▶ _Try it_
Repeat, exactly and in full, the lines of the listing below, but without any pictures.

▶ _The data_

- Opening Delimiter -

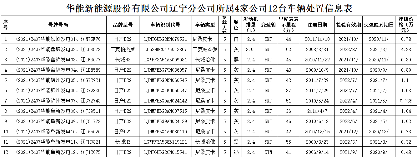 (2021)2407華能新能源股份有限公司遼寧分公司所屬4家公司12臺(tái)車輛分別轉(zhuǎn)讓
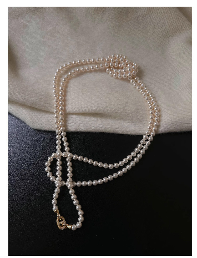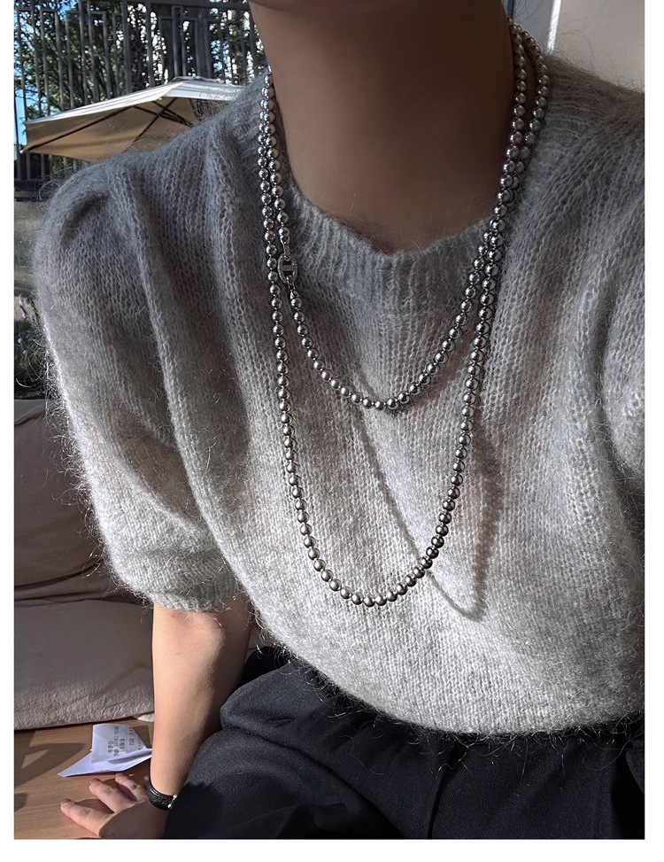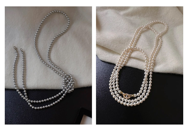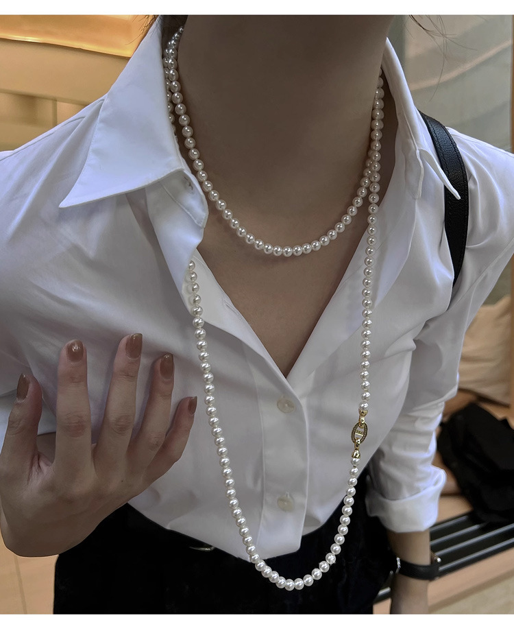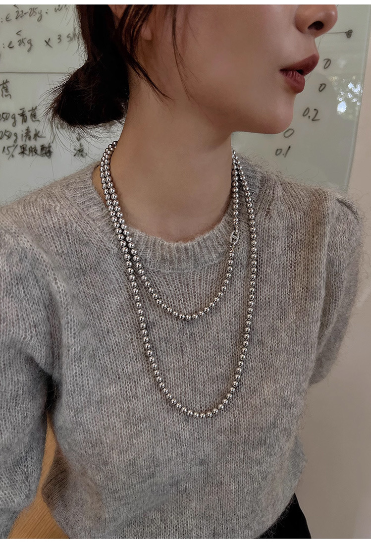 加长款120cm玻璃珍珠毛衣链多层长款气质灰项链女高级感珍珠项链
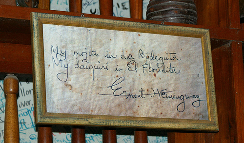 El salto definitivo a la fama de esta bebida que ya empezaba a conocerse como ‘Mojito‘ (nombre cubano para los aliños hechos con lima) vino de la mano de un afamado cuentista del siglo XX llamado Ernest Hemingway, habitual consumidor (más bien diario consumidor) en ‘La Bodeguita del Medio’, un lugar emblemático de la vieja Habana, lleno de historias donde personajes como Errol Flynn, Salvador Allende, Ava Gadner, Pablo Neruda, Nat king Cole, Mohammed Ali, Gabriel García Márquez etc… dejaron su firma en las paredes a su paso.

- Closing Delimiter -

▶ _Written solution_
 (2021)2407華能新能源股份有限公司遼寧分公司所屬4家公司12臺(tái)車輛分別轉(zhuǎn)讓
 加长款120cm玻璃珍珠毛衣链多层长款气质灰项链女高级感珍珠项链
 El salto definitivo a la fama de esta bebida que ya empezaba a conocerse como ‘Mojito‘ (nombre cubano para los aliños hechos con lima) vino de la mano de un afamado cuentista del siglo XX llamado Ernest Hemingway, habitual consumidor (más bien diario consumidor) en ‘La Bodeguita del Medio’, un lugar emblemático de la vieja Habana, lleno de historias donde personajes como Errol Flynn, Salvador Allende, Ava Gadner, Pablo Neruda, Nat king Cole, Mohammed Ali, Gabriel García Márquez etc… dejaron su firma en las paredes a su paso.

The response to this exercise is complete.